Monday, November 17, 2014

CalPERS Pays Out $65 Million in Medical Benefits and Another $2 Million Per Month in Premiums for 'Ineligible' Individuals

State's Been Leaking Approximately $90 Million a Year Via Inadequate Defenses Against Insurance Fraud

I love how these stories get spun as savings to the taxpayer.  Yes, it is great news that we are no longer paying for state workers to commit insurance fraud.  But if the state had actually been doing its job in the first place, we could have prevented the squandering of millions of taxpayer dollars.

Dependent audits are always a good idea on large plans.  No matter how diligent a plan sponsor is, some dependent fraud occurs.  For example, employees can divorce, fail to report the event to their employer, and illegally choose to keep that ex-spouse on the employer's plan.  This form of insurance fraud is nearly impossible for an employer to catch without an audit. 

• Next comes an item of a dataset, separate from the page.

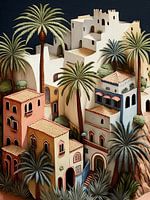Het schilderachtige en exotische tafereel verbeeldt een gestileerde mediterrane of Arabische stad die zich uitstrekt langs een terrasvormige heuvel. De gebouwen zijn versierd in warme tinten wit, beige, roze en blauw, met terracottakleurige daken en kleurrijke accenten. Weelderig groene palmbomen en andere tropische planten groeien tussen de huizen. De donkere achtergrond benadrukt de lichte gebouwen en het levendige groen. De compositie lijkt dicht en rijk aan details, met een zonnige en vredige sfeer.

However, more flagrant and preventable forms of dependent-enrollment abuse also occur when employees enroll friends and family members who are not legal dependents (like girl/boyfriends, uncles, aunts, parents, nieces and nephews, etc).  It is not uncommon for employees to bilk an employer out of 5% to 15% of a plan's total cost with phony dependents.

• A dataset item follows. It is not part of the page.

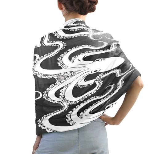 ALAZA White Kraken Black Chiffon Silk Long Scarf Shawl Wrap 1

And now we learn that the California taxpayer has been paying $2 million a month in premiums and a total of $65 million in claims for fraudsters to cover unqualified individuals in CalPERS.  This is from Jon Ortiz at the Sacramento Bee:  
CalPERS has dropped health coverage for nearly 9,000 people over the last year after a sweeping audit revealed they weren’t eligible for benefits received through state-worker and state-retiree health plans. 
When added to roughly 5,300 ineligible dependents voluntarily removed from state insurance rolls last year, agencies are saving more than $2 million per month in premium payments alone, according to a report prepared for CalPERS Board of Administration. Scrubbing the rolls has saved the state another $64.7 million in avoided claims for doctor visits. hospitalizations, medication and other health services, the report states. 
CalPERS launched an audit of dependents on state agencies’ medical-insurance rolls last year. At the time, the fund estimated about 29,000 ex-spouses, live-in partners and other so-called “ineligible dependents” were receiving coverage who shouldn’t have been. It figures to finish the dependent-eligibility verifications of local agencies and schools in the first quarter of 2015. 
CalPERS provides medical insurance for a 1.4 million government employees, retirees and their dependents. 
Note that this audit only yielded a 1% reduction in plan participants (14,300 out of 1.4 million).  When my co-workers assisted one of our clients, El Camino Hospital, on a similar audit they generated a 7.6% reduction in plan participants.  Average audits yield 4% to 8% reductions.

If California auditors had simply performed at the very low end of average for this audit, we should have seen four times the amount, or an annual savings of $360 million.  Alas, I suppose it is fanciful for me to assume our state can operate at "the very low end of average."